This study proposed a YOLOv5-based custom object detection model to detect strawberries in an outdoor environment. The original architecture of the YOLOv5s was modified by replacing the C3 module with the C2f module in the backbone network, which provided a better feature gradient flow. Secondly, the Spatial Pyramid Pooling Fast in the final layer of the backbone network of YOLOv5s was combined with Cross Stage Partial Net to improve the generalization ability over the strawberry dataset in this study. The proposed architecture was named YOLOv5s-Straw. The RGB images dataset of the strawberry canopy with three maturity classes (immature, nearly mature, and mature) was collected in open-field environment and augmented through a series of operations including brightness reduction, brightness increase, and noise adding. To verify the superiority of the proposed method for strawberry detection in open-field environment, four competitive detection models (YOLOv3-tiny, YOLOv5s, YOLOv5s-C2f, and YOLOv8s) were trained, and tested under the same computational environment and compared with YOLOv5s-Straw. The results showed that the highest mean average precision of 80.3% was achieved using the proposed architecture whereas the same was achieved with YOLOv3-tiny, YOLOv5s, YOLOv5s-C2f, and YOLOv8s were 73.4%, 77.8%, 79.8%, 79.3%, respectively.
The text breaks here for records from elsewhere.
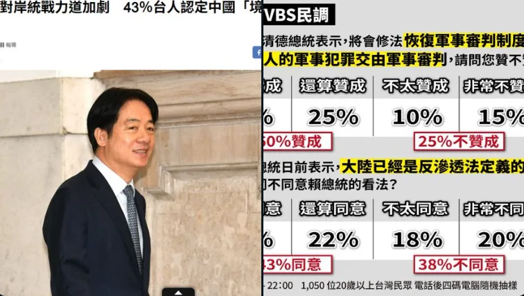 唐人日报3月28日讯:台湾地区领导人赖清德日前公开表示,中国大陆已是《反渗透法》所定义的“境外敌对势力”,引发岛内舆论广泛讨论。3月26日,TVBS发布最新民调显示,民众对这一说法意见分歧明显:43%表示同意(其中21%“非常同意”,22%“还算同意”),38%表示不同意(18%“不太同意”,20%“非常不同意”),另有19%未表达立场。
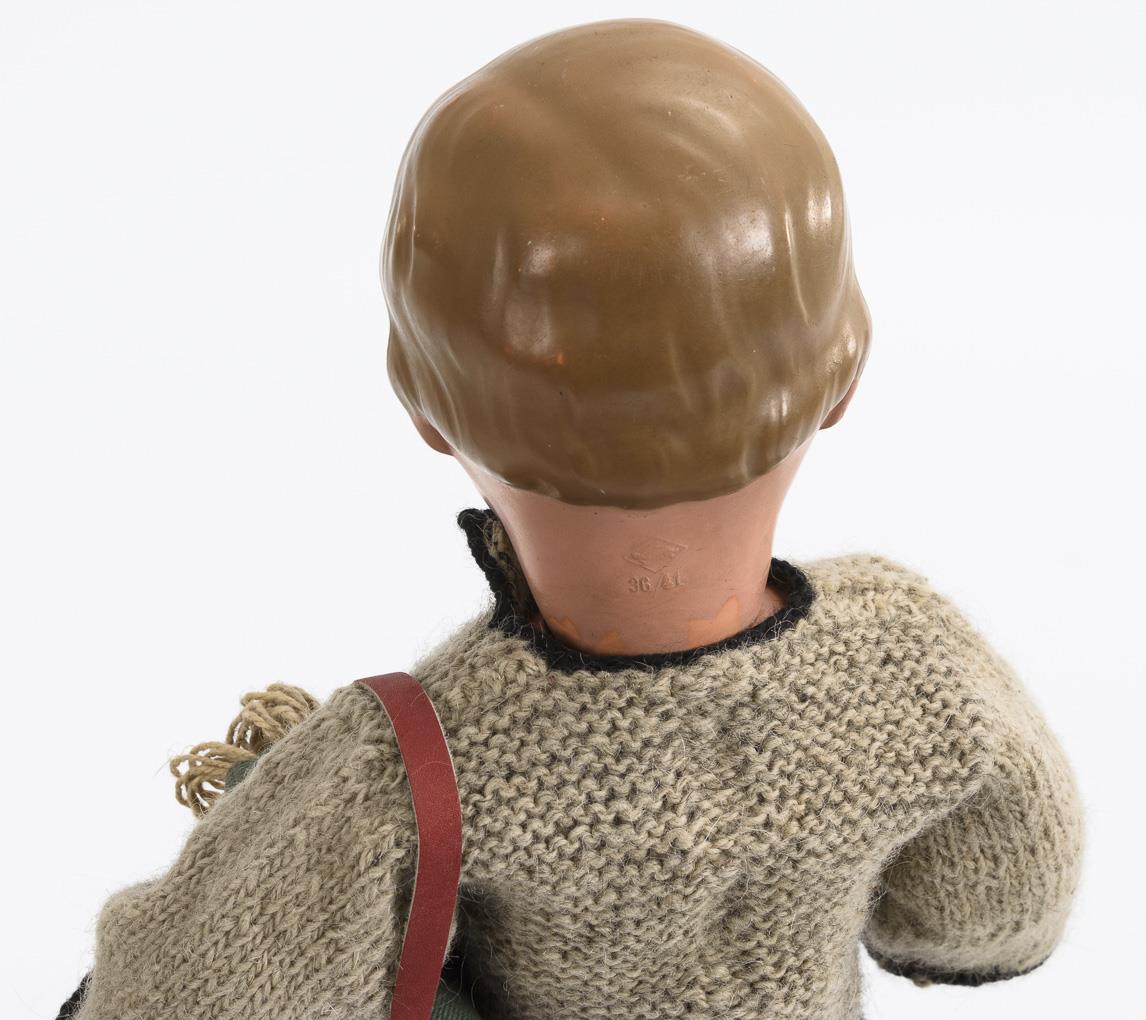 Celluloid-Puppe als bayrischer Bub: Kurbelkopf, feste blaue Augen, modellierte braune Haare. 5-teiliger Stehpuppenkörper. Graue Strickjacke, graue Filzhose, grüner Tirolerhut mit zahlreichen Wanderabzeichen. Dazu Rucksack und defekte Blechgeige. Kleine Retuschen am Kopf.
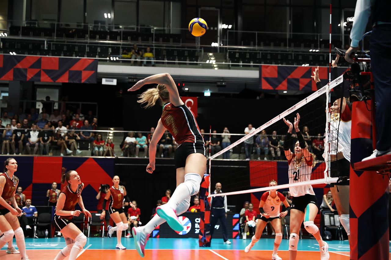 The combined total number of successful spikes achieved by both teams throughout the entire match.
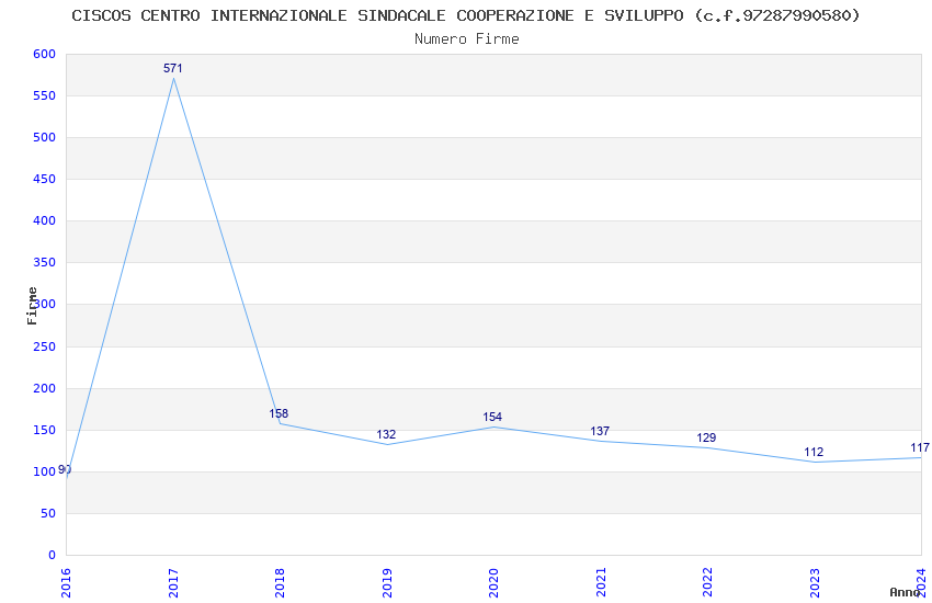 | Anno | Firme | Importi | Media | Naz. | Reg. | Prov. | Comu. |
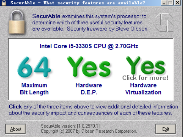 1.首先需要测试一下cpu是否满足安装要求,使用securable工具可以查看cpu状态
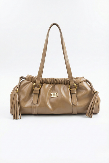 İdeal uzunluktaki omuz askıları ve hafif yapısı sayesinde gün boyu konforlu bir kullanım sunan bu vizon renkli çanta her kombine uyum sağlar.
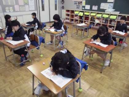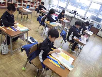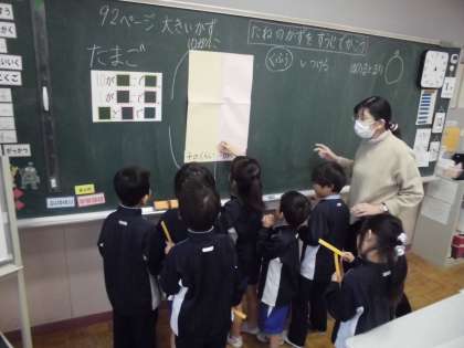 1年生の1時間目は、算数の学習でした。「一の位」「十の位」を覚え、「10が4こで40」等、学習しました。クラスのみんなで黒板に数ブロックを置いたり、自分でも数ブロックを操作したりして、大きい数に慣れようとがんばっていました。
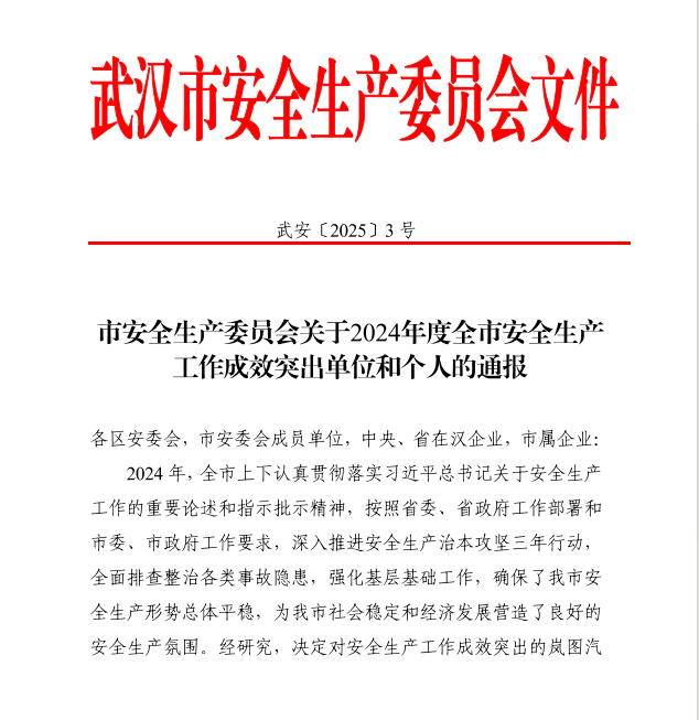 近日,武漢市安全生產(chǎn)委員會發(fā)布《關于2024年度全市安全生產(chǎn)工作成效突出單位和個人的通報》,華晟通公司榮獲武漢市2024年度安全生產(chǎn)工作“優(yōu)秀集體”稱號,黨總支書記、董事長凡孝均獲評武漢市2024年度安全生產(chǎn)工作“優(yōu)秀個人”榮譽。
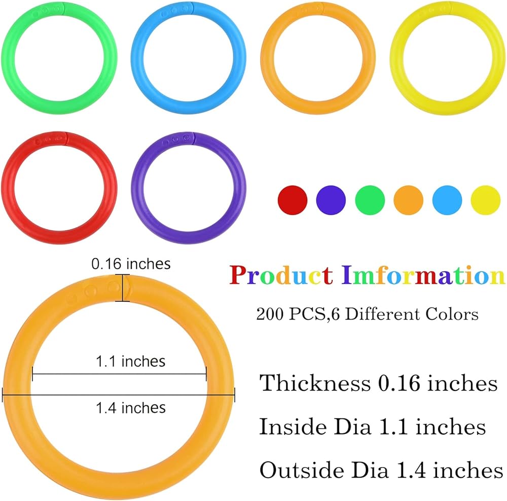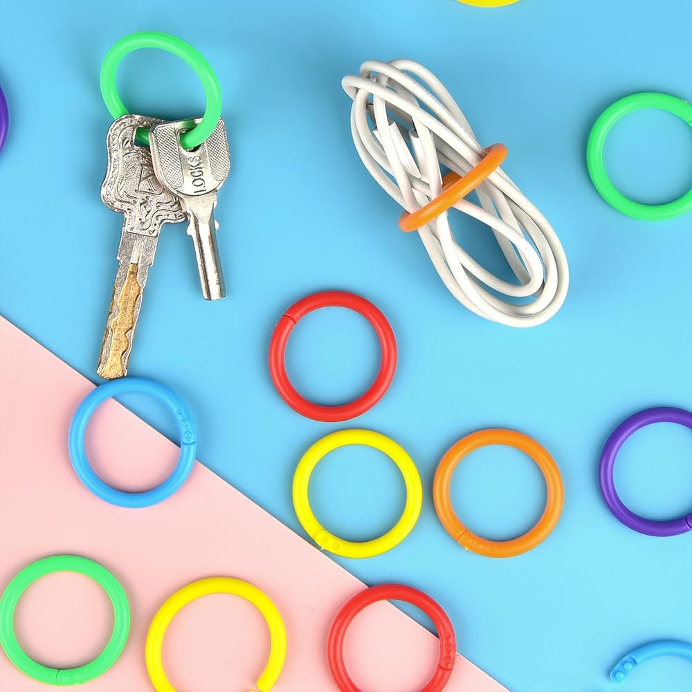 Box Packed Plastic Loose Leaf Rings Multi-color Binder Rings Office Book Rings, 27mm Flexible Book Rings for Scrapbook Cards Notebooks Keychains Document Stack School Home Office (200 Pieces/6 Colors)
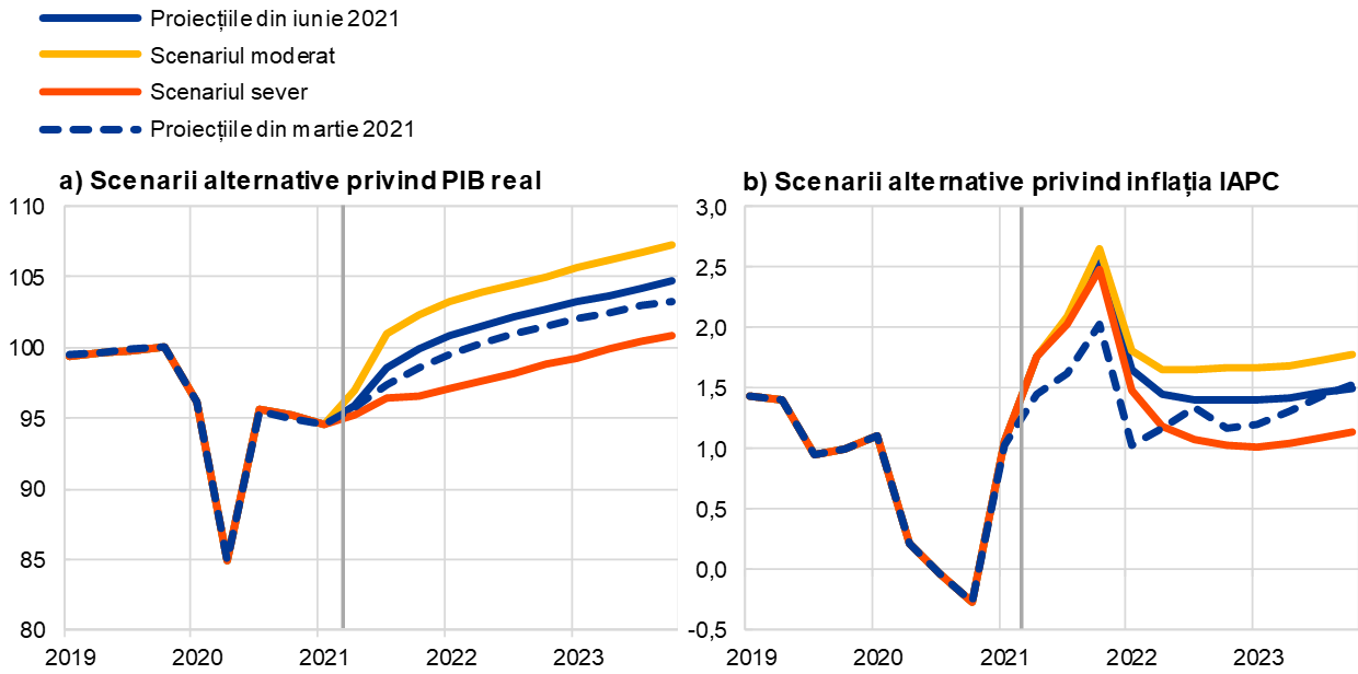 Întrucât persistă incertitudini semnificative cu privire la evoluția viitoare a pandemiei de COVID-19 și la efectele economice ale acesteia, două scenarii, care reprezintă alternative la proiecțiile de bază ale experților Eurosistemului din luna iunie 2021, ilustrează o serie de efecte plauzibile ale pandemiei de COVID-19 asupra economiei zonei euro.
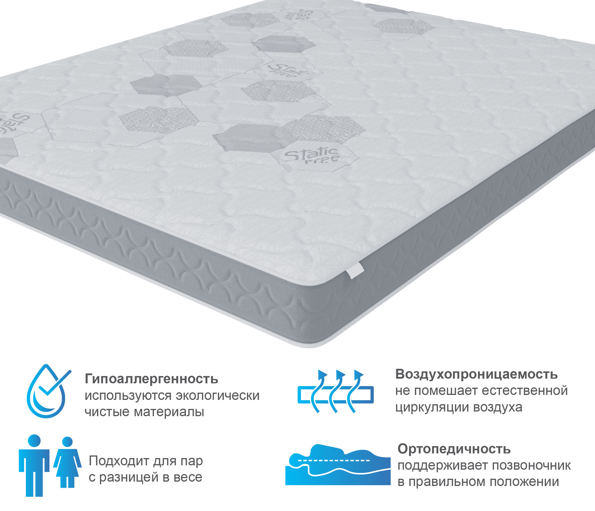 Для сохранения свойств и внешнего вида матраса, а также для разительного увеличения срока службы матраса рекомендуем использование матрас с защитным чехлом АкваСтоп. Любой матрас отвечает за правильность положения во время сна лишь нижнего и среднего отделов позвоночника, а за шейный отдел отвечает правильно подобранная ортопедическая подушка.
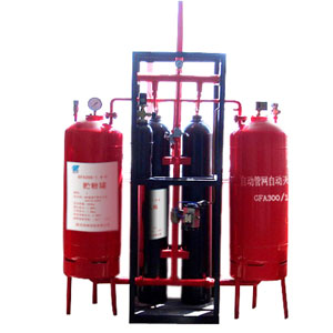 自動管網超細干粉滅火系統適用于較大保護空間全淹沒滅火及局部保護應用撲救較大面積的火災。該滅火系統的原理是:利用氮氣瓶組內的高壓氣體,經減壓進入滅火劑儲罐,推動滅火劑經輸粉管到設置在保護區的噴嘴高速噴出,迅速滅火。
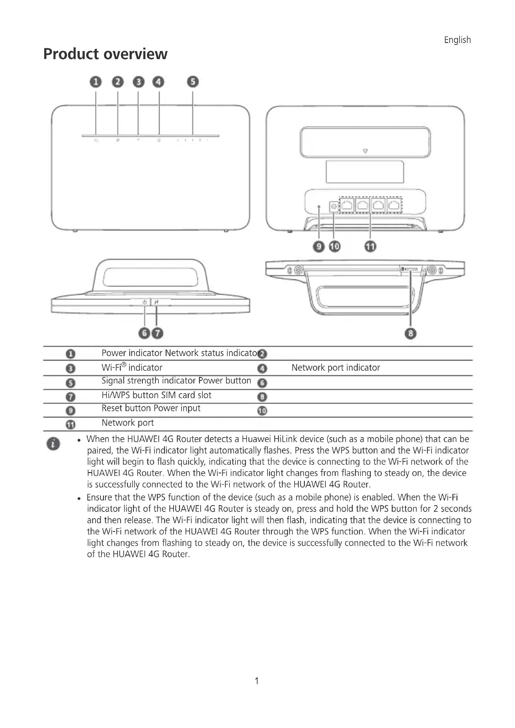 indicator Network port indicator Signal strength indicator Power button Hi/WPS button SIM card slot Reset button Power input Network port l When the HUAWEI 4G Router detects a Huawei HiLink device (such as a mobile phone) that can be paired, the Wi-Fi indicator light automatically ashes. Press the WPS button and the Wi-Fi indicator light will begin to ash quickly, indicating that the device is connecting to the Wi-Fi network of the HUAWEI 4G Router. When the Wi-Fi indicator light changes from ashing to steady on, the device is successfully connected to the Wi-Fi network of the HUAWEI 4G Router. l Ensure that the WPS function of the device (such as a mobile phone) is enabled. When the Wi-Fi indicator light of the HUAWEI 4G Router is steady on, press and hold the WPS button for 2 seconds and then release. The Wi-Fi indicator light will then ash, indicating that the device is connecting to the Wi-Fi network of the HUAWEI 4G Router through the WPS function. When the Wi-Fi indicator light changes from ashing to steady on, the device is successfully connected to the Wi-Fi network of the HUAWEI 4G Router. English 1Setup 1 Attach the socket to the router.
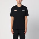 Black cotton T-shirt from The North Face, featuring short sleeves, contrasting front and back prints, logo patch on chest and ribbed crew neck. Size and Fit - Model wears size L Model measurements: Height: 185 cm Chest: 100 cm Waist: 83 cm Hips: 92 cm
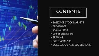 Eagles Ford is a stock brokerage firm based in Udaipur, India that was established in 2018. It offers various trading and investment services through different account types. The Classic Royal Account has brokerage fees ranging from 0.01-0.5% and account opening charges of Rs. 500, while the Eagle Trade Account has brokerage of 0.02% and opening charges of Rs. 700. Eagles Ford leverages both online and offline channels to reach customers. While it has a strong process for order execution and research capabilities, online listings have increased competition from individual home sellers and part-time agents.
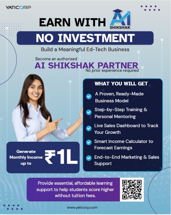 AI Shikshak, an AI-powered exam preparation tool for SSLC and PUC students, has gained huge popularity across Karnataka. To expand its reach, Yaticorp has launched a state-wide campaign inviting unemployed youths, self-help group members, working professionals, teachers, students, housewives, and freelancers to become distributors — with zero investment.

Specifically, the average precision of YOLOv5s-Straw was 82.1% in the immature class, 73.5% in the nearly mature class, and 86.6% in the mature class, which were 2.3% and 3.7%, respectively, higher than that of the latest YOLOv8s. The model included 8.6*10^6 network parameters with an inference speed of 18ms per image while the inference speed of YOLOv8s had a slower inference speed of 21.0ms and heavy parameters of 11.1*10^6, which indicates that the proposed model is fast enough for real time strawberry detection and localization for the robotic picking.

翻译：本研究提出一种基于YOLOv5的自定义目标检测模型，用于室外环境中的草莓检测。通过将骨干网络中的C3模块替换为C2f模块，改进了YOLOv5s的原始架构，从而获得更优的特征梯度流。其次，将YOLOv5s骨干网络末层的空间金字塔池化快速模块与跨阶段局部网络相结合，提升了模型在本研究草莓数据集上的泛化能力。该架构被命名为YOLOv5s-Straw。本研究在开放农田环境中采集了包含三种成熟度等级（未成熟、近成熟和成熟）的草莓冠层RGB图像数据集，并通过降低亮度、增加亮度和添加噪声等一系列操作进行数据增强。为验证所提方法在开放农田环境下草莓检测的优越性，在相同计算环境下训练并测试了四种竞争性检测模型（YOLOv3-tiny、YOLOv5s、YOLOv5s-C2f和YOLOv8s），并与YOLOv5s-Straw进行对比。结果表明，采用所提架构实现了80.3%的最高平均精度均值，而YOLOv3-tiny、YOLOv5s、YOLOv5s-C2f和YOLOv8s的对应值分别为73.4%、77.8%、79.8%和79.3%。具体而言，YOLOv5s-Straw在未成熟、近成熟和成熟类别上的平均精度分别为82.1%、73.5%和86.6%，比最新YOLOv8s分别高出2.3%和3.7%。该模型包含8.6×10^6个网络参数，每张图像推理速度为18ms，而YOLOv8s的推理速度较慢（21.0ms）且参数较重（11.1×10^6），表明所提模型足以满足机器人采摘场景下草莓实时检测与定位的需求。